The defendants here and in Sharp v. Roskelley contend that the tort of criminal conversation should no longer be recognized in this state and urges us to judicially abolish it. In the last criminal conversation case before this court, Cahoon v. Pelton, 9 Utah 2d 224, 342 P.2d 94 (1959), we stated that the tort is based upon the exclusive right of each spouse to intercourse with the other and that a cause of action would lie with either the husband or the wife against anyone who violated that right. We explained:
“A fundamental right which flows from the relation of marriage, and one which the well being of society requires should be maintained inviolate, is that of one spouse to have exclusive marital intercourse with the other, and whenever a third person commits adultery with either spouse, he or she commits a tortious invasion of the rights of the other spouse, from which a cause of action for criminal conversation arises.”
9 Utah 2d at 232, 342 P.2d at 99 (quoting 27 Am.Jur. Husband and Wife § 535). We concluded in Cahoon that the policy expressed in the above-quoted material was in accord with our statutes emancipating married women, Utah Code Ann. §§ 30-2-1 to -19 (1953), and the decisions of this court on the rights of married persons as between them and other persons who come between spouses. 9 Utah 2d at 232, 342 P.2d at 99.
Other courts and authorities have similarly stated that the basis of the cause of action for criminal conversation is the invasion of the marital relationship.
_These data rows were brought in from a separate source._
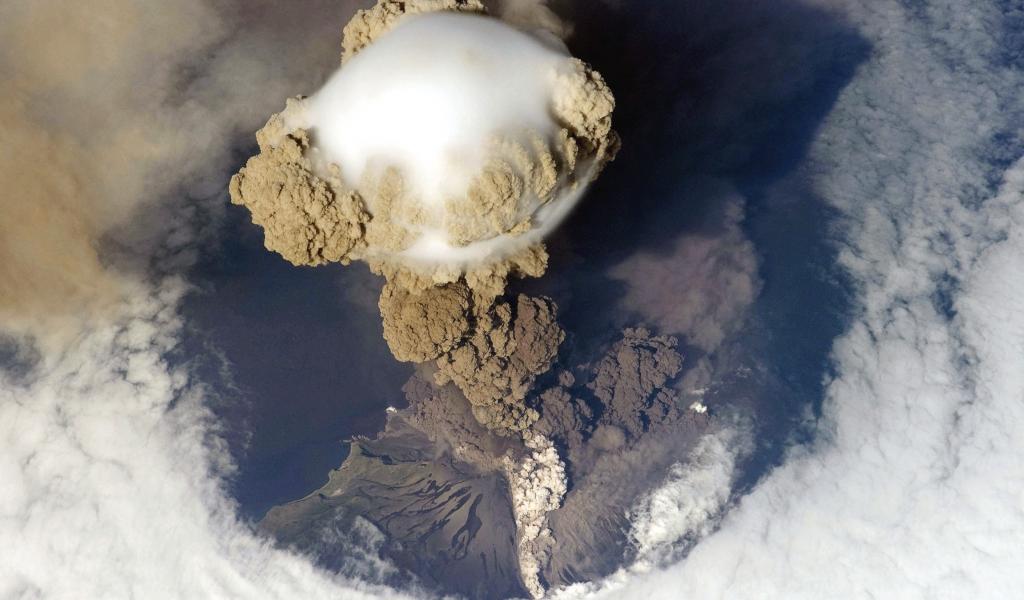 Wallpaper A cloud of smoke over the volcano, photo from space
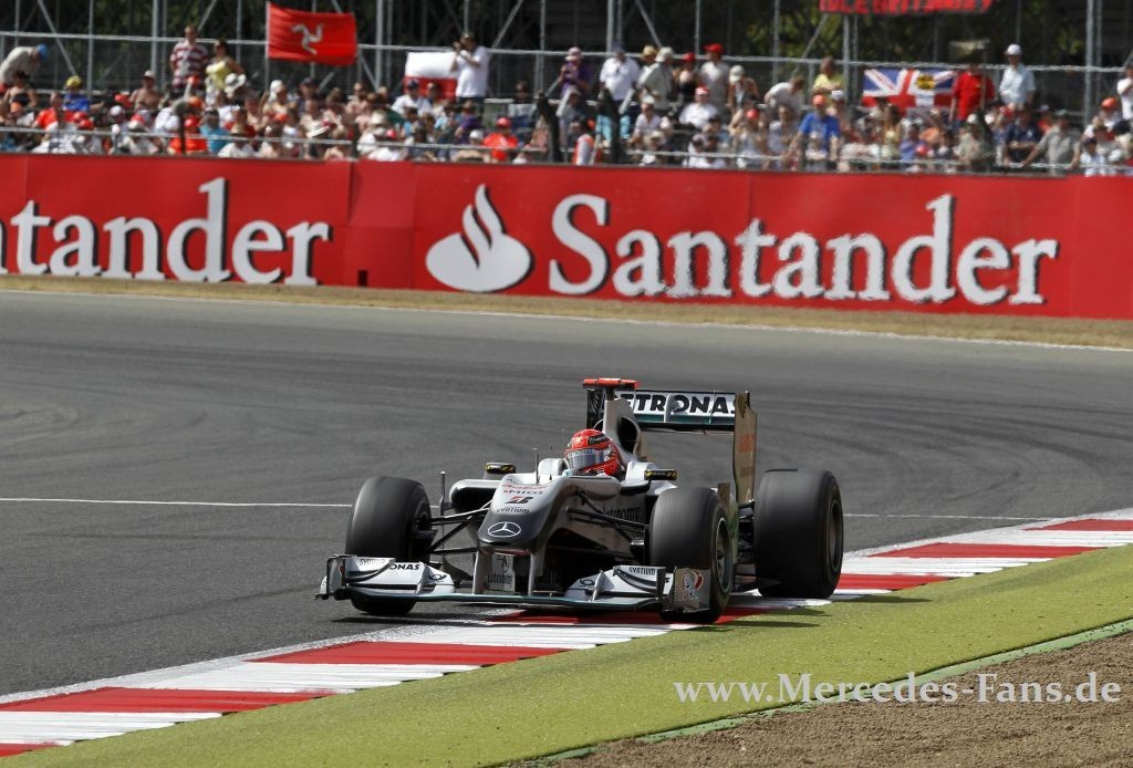 Ist die Durststrecke von Mercedes GP bald beendet? Nach zuletzt eher unbefriedigenden Ergebnissen fuhr Nico Rosberg seinen Mercedes GP in Silverstone auf den 3. Rang hinter Sieger Mark Webber und Lewis Hamilton auf McLaren-Mercedes. Die Box hatte Nico schon früh das Signal zum Angriff gegeben: "Gib Gas , lass nicht nach vorne abreißen, die Reifen halten!" Sebastian Vettel hate dagegen wieder einmal Pech. Der Polesitter kam nicht gut vom Start weg, holte sich bei einem Kontakt einen Reifenschaden und musste anschließend dem Feld hinterherjagen.
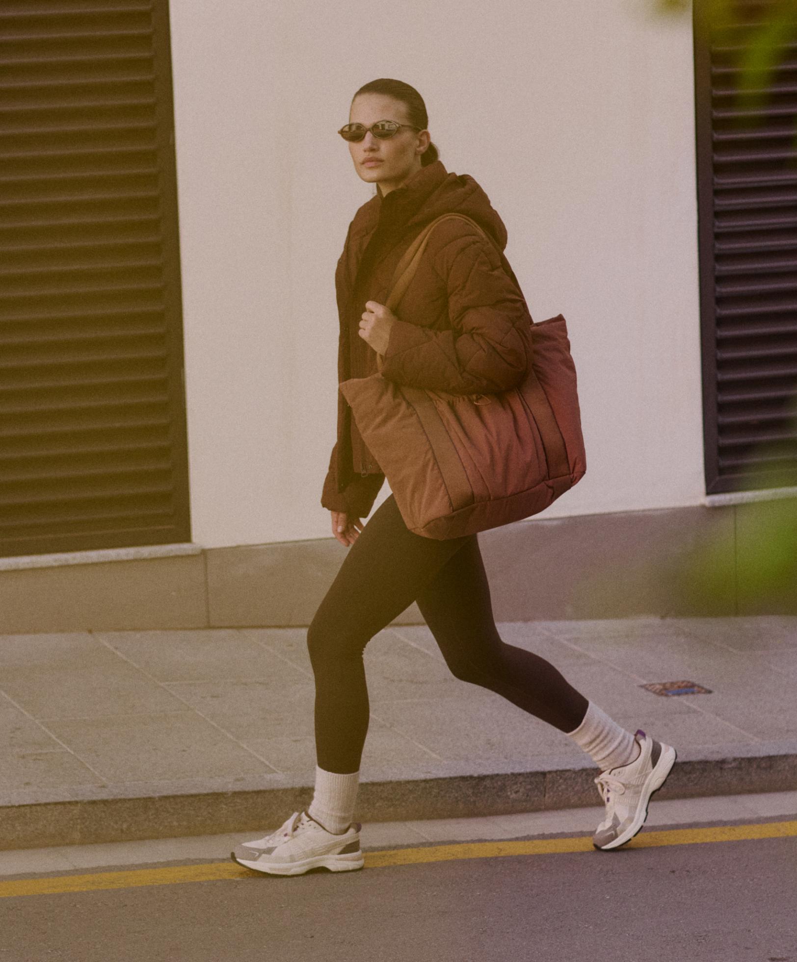 Сумка-шоппер с эластичными ремнями на дне для переноски коврика для йоги. Внутри есть термоотделение для напитков и карман для ноутбука диагональю до 16 дюймов. Застёгивается на молнию. Центральный карман закрывается на липучку. Размеры: 31 x 51 x 18 см. Объём: 26 л.
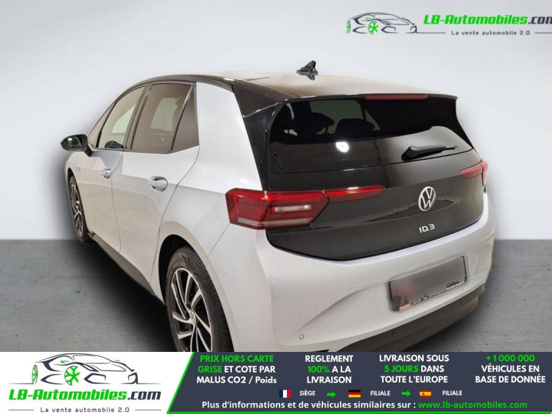 Référence : 1195384 Vos Avantages chez LB-AUTOMOBILES.com / Prix affiché TTC Livré hors carte grise / Livraison sous 10 jours dans toute la France hors 31 / Pas d?avance de frais paiement du véhicule 100% à la livraison par virement. Volkswagen ID. 3 Neuf remisée, Volkswagen ID. 3 Occasion Toulouse Beaupuy 31850, Volkswagen ID. 3 Véhicule sorti de réseau collaborateur, Volkswagen ID. 3 import, Volkswagen ID. 3 importateur, Volkswagen ID. 3 Livraison possible dans toute la France sous 5 jours, Volkswagen ID. 3, Volkswagen ID. 3 Location Option Achat, Volkswagen ID. 3 LLD, Volkswagen ID. 3 Longue Durée, Volkswagen ID. 3 TVA récupérable. Possibilité d'extension de garantie 12, 24,36 mois, Pour tout autres voitures import neufs ou occasions collaborateur fortement remisée, Mandataire Audi, Mandataire BMW, Mandataire Volkswagen, Mandataire Mercedes, Mandataire Peugeot Espagne, Mandataire Renault Espagne, Porsche import, Mandataire Citroën Espagne, Mandataire Seat Espagne, n'hésitez pas à nous contacter. « Sous réserve de vente préalable et erreur de saisie » Principaux équipements : - ABS - Accoudoir - Android Auto - Antidémarrage - Apple CarPlay - Assistance au freinage d'urgence - Assistant feux de route - Avertisseur de franchissement de ligne - Bluetooth - Capteur de pluie - Certificat de batterie - Chargement par induction pour smartphones - Cockpit numérique - Commande vocale - Contrôle de la pression des pneus - Direction assistée - Éclairage d'ambiance - Éclairage route non éblouissant - Écran tactile - ESP - Fermeture centralisée - GPS - Isofix - Jantes alliage - Kit mains libres - Phares LED - Pneus toutes saisons - Point Isofix siège passager - Port USB - Propulsion - Radio DAB - Régulateur de vitesse adaptatif - Rétroviseur extérieur électrique - Rétroviseur intérieur anti-éblouissement automatique - Rétroviseurs extérieurs rabattables électriquement - Sièges chauffants - Streaming musical intégré - Système antipatinage - Système d'alarme - Système d'appel d'urgence - Système de détection de la fatigue - Système de limitation de la vitesse - Tuner/radio - Verrouillage centralisé sans clé - Vitres électriques - Vitres teintées - Volant en cuir - Volant multifonction
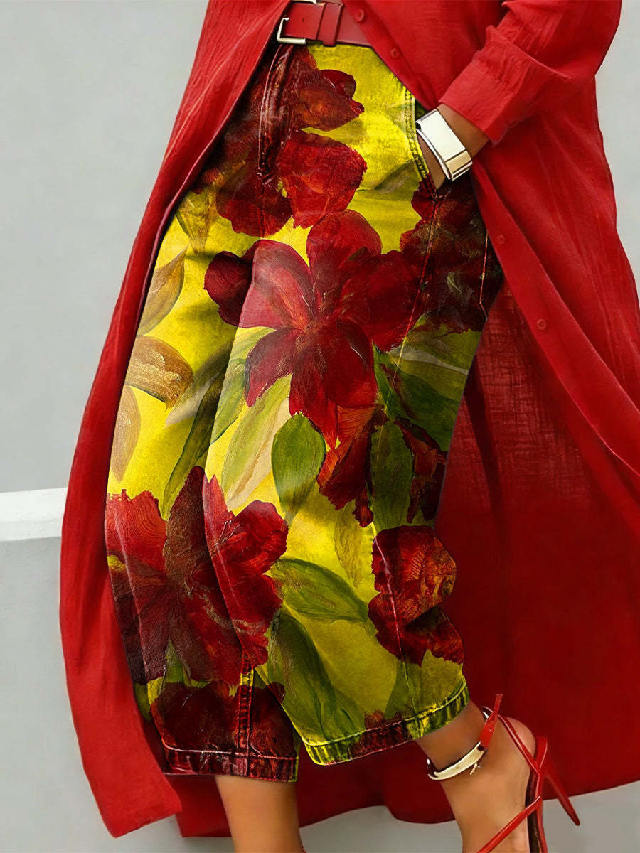 Painted Floral Decorative Patterns Women's Casual Jeans
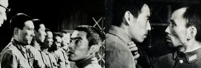 週番士官の金入れを盗んだというかどで、二年間服役していた木谷一等兵は、敗戦の前年の冬に大坂の原隊に帰っていた。彼は入隊後二年目にすぐ入獄したのですでに四年兵だったが、中隊には同年兵は全くおらず、出むかえに来た立澤准尉も班長の吉田、大住軍曹も全く見覚えのない人々であった。部隊の様子はすっかり変わってた。木谷に対する班内の反応はさまざまであった。彼は名目上病院帰りとなっていたが、何もせず寝台の上に坐ったきりの彼は古年兵達の反感と疑惑をつのらせた。木谷が金入れをとったのは偶然であった。しかし被害者の林中尉は当時反対派の中堀中尉と経理委員の地位を争って居り、木谷は中堀派と思いこまれた事から林中尉の策動によって事件は拡大され、木谷の愛人山海樓の娼妓花枝のもとから押収された木谷の手紙の一寸した事も反軍的なものとして、一方的に審理は進められたのだった。兵隊達が唯一の楽しみにしている外出の日、外出の出来なかった木谷は班内でただ一人彼に好意をもっている曾田一等兵に軍隊のこうした出鱈目さを語るのだった。班内にはさまざまな人間がうごめいている。地野上等兵の獣性、補充兵達の猥褻な自慰、安西初年兵のエゴイズム。事務室要員の曾田は軍隊を「真空地帯」と呼んでいた。ここでは人間は強い圧力で人間らしさをふるいとられて一個の兵隊--真空管となるからだ。或日、野戦行十五名を出せという命令が出た。木谷は選外にあったが、曾田は陣営具倉庫で、金子班千葉県有為が隣室でしつこく木谷を野戦行きに廻す様に准尉に頼んでいるのを聞き驚いた。金子班長はあの事件の時中堀派の一人として木谷の面倒をみたのだが、今は木谷との関わり合いがうるさったのだ。木谷が監獄帰りと聞こえがしに云う上等兵達の言葉に木谷は猛然と踊りかかっていった。木谷を監獄帰りにさせた真空地帯をぶちこわそうとする憎しみに燃えた鉄拳が彼等の頬に飛んだそれから木谷は最後の力をふりしぼって林中尉を探しまわった。彼に不利な証言をした林中尉に野戦行きの前に会わねば死んでも死にきれなかった。ついに二中隊の舎前で彼を発見した。彼の必死の弁解に対し木谷の拳骨は頬にとんだ。やがて、転属者が戦地に行く日が来た。花枝の写真を懐に抱いて船上の人となった木谷に、ようやく自分をきりきり舞いをさせた軍隊の機構、その実態のいくらかがわかりかけてきた。見知らぬ死の戦場へとおもむく乗組員達の捨てばちな野卑な歌声が隣から流れてくる。しかし木谷の眼からはもはや涙も流れなかった。 | ||||||||||||||||||||||||||||
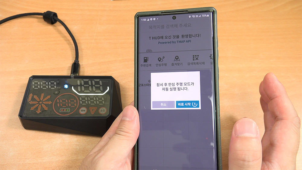 카포스 T-HUD를 실제로 쓰는 모습입니다. 물론 차량 옵션에 있는 HUD가 가장 좋긴 합니다. 그래픽도 좋고 차량 네비와 연동되어서 깔끔하죠. 다만 가격이 좀 비싸서 고민하는 분들에게는 카포스 T-HUD도 괜찮은 대안이 될 수 있습니다.
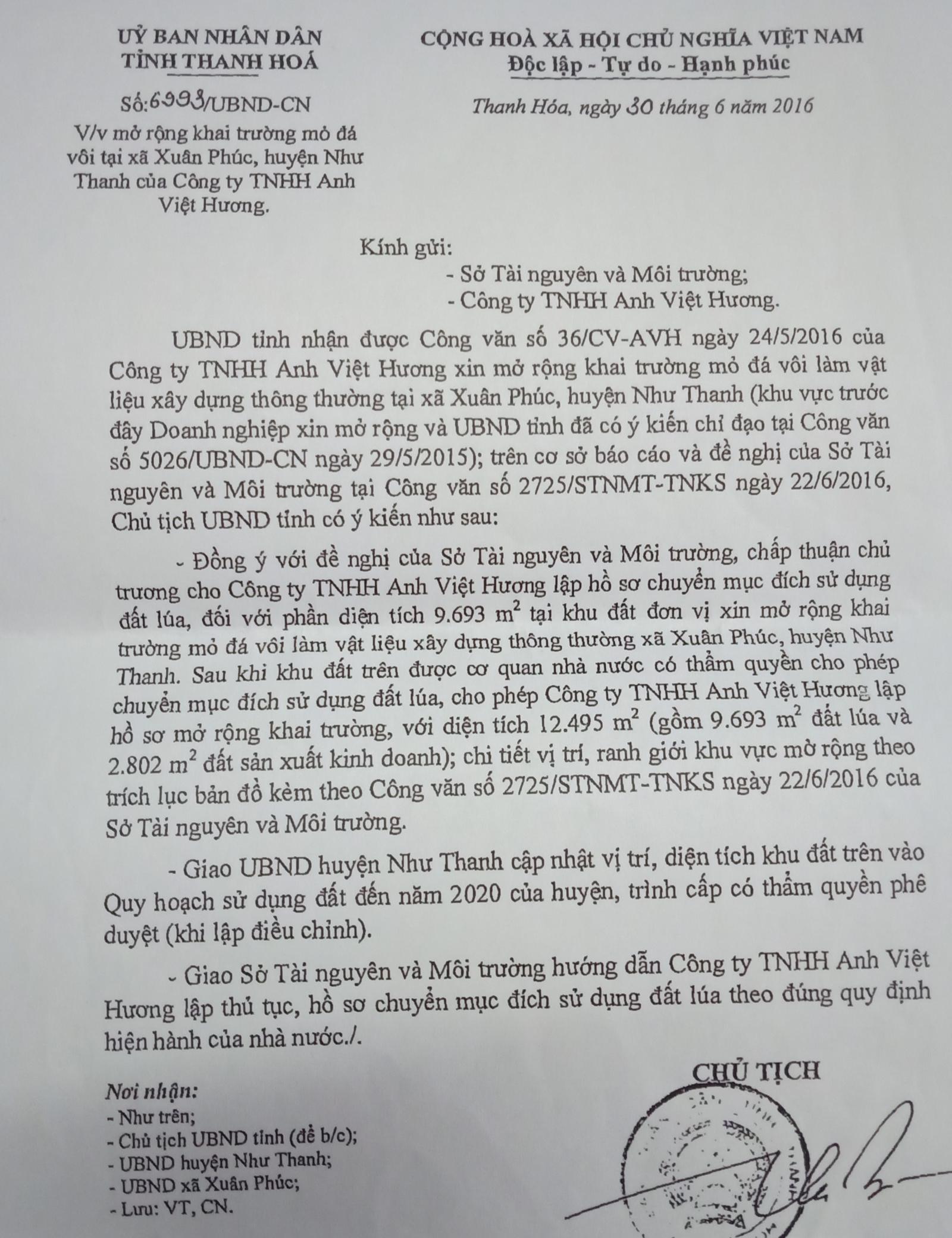 Cũng liên quan đến việc chấp hành pháp luật về đất đai, ngày 28/2/2017, UBND tỉnh Thanh Hóa đã có Văn bản số 1932/UBND-CN về việc chấp thuận chủ trương, địa điểm xây dựng kho chứa vật liệu nổ Công nghiệp ở xã Xuân Phúc, huyện Như Thanh cho Cty Anh Việt Hương. Vị trí, diện tích đất thuộc thửa đất số 01, tờ bản đồ số 02, bản đồ địa chính xã Xuân Phúc đo vẽ năm 2007, tỷ lệ 1/2000. Hiện trạng khi chấp thuận là đất đang trồng sắn, keo do UBND xã quản lý đã giao cho các hộ dân.
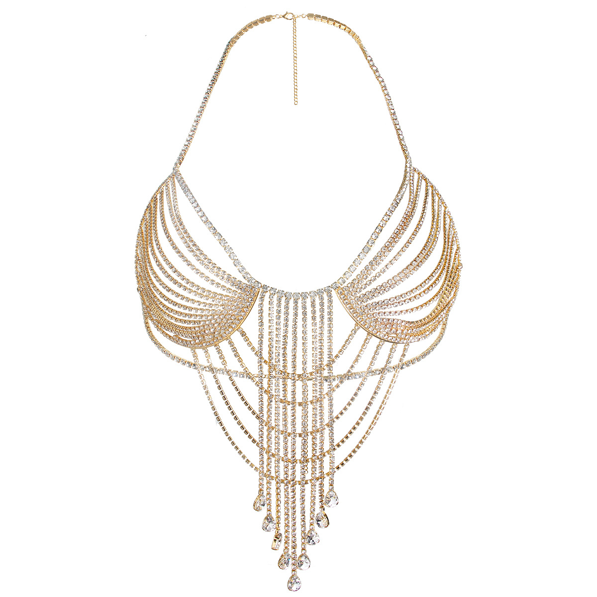 Exude confidence and allure with this European and American-inspired gold/silver-plated body chain. Featuring dazzling gemstones, this bra chain jewelry elevates your nightclub look with exaggerated, sexy style. A unique statement piece that accentuates your figure and commands attention.
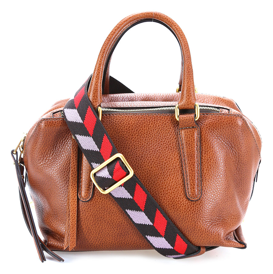 Borsa in pelle martellata con chiusura zip. Tracolla inclusa. Misure 26 x 17 cm. Dettagli gold.

Fennell v. Littlejohn, 240 S.C. 189, 125 S.E.2d 408 (1962). In that case, the court emphasized the interest of the state in protecting marriage contracts. Said the court:
While marriage is in one sense a private contract between the parties, it is also a relationship in which the state is vitally interested and, because of such interest, the law attaches thereto certain rights and duties, irrespective of the wishes of the parties. Marriage is in its nature a permanent status and has been properly referred to as the most important of all civil relations. The relationship, once entered into, cannot be dissolved by consent of the parties. It continues until death or dissolution by proper judicial decree.
240 S.C. at 196, 125 S.E.2d at 412.
The court recognized a public policy to foster and protect marriage, to make it a permanent and public institution, to encourage parties to live together, and to prevent separation. The court referred to marriage as an institution in the maintenance of which the public is deeply interested, “for it is the foundation of the family and society, without which there would be neither civilization nor progress.” 240 S.C. at 197, 125 S.E.2d at 412-13.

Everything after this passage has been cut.